Nigdy w życiu nie przejechałam tyle terenu ziemskiego, żeby iść na koncert. Ale faza. Keaton Henson to Keaton Henson jednak, kto wie kiedy znowu przestanie sobie radzić z tremą i wychodzić na scenę. Kto to wie, ja wiem za to, że było warto.

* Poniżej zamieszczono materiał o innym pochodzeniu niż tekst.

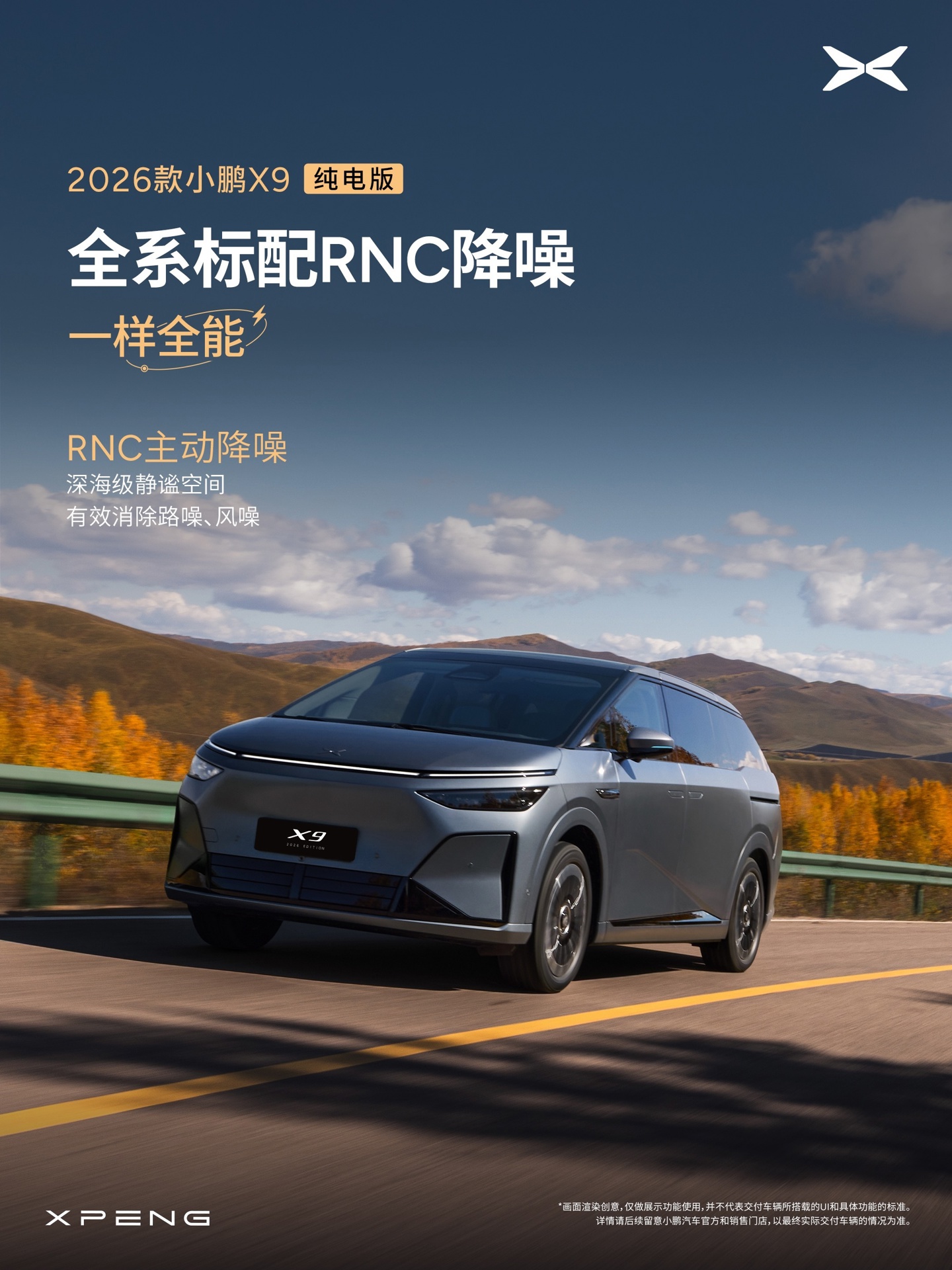 官方表示,2026 款小鹏 X9 纯电版将以“全能基因”全面对齐 X9 超级增程版本。

O tutaj taki piękny siedzi sobie i plumka


I właśnie zdałam sobie sprawę z dwóch rzeczy.
Pierwsza rzecz:
Nie lubię podróżować do miast. Albo może inaczej, nie lubię, kiedy są celem mojej podróży. Męczą mnie zwyczajnie. Fakt, że Amsterdam jest piękny i niecodzienny, otoczony sławą legalnego zioła i licznych kanałów, jednak dla mnie nieco przytłaczający i ciasny, mimo swojego uroku. Dwa dni tam spędzone to wystarczająco. 
Druga rzecz:
Ten blog jest chyba jedynym moim miejscem w sieci, które traktuję poważnie. Zabawne, bo nie poświęcam mu zbyt wiele czasu. Czyli drogą dedukcji jestem niepoważna, zabawne razy dwa.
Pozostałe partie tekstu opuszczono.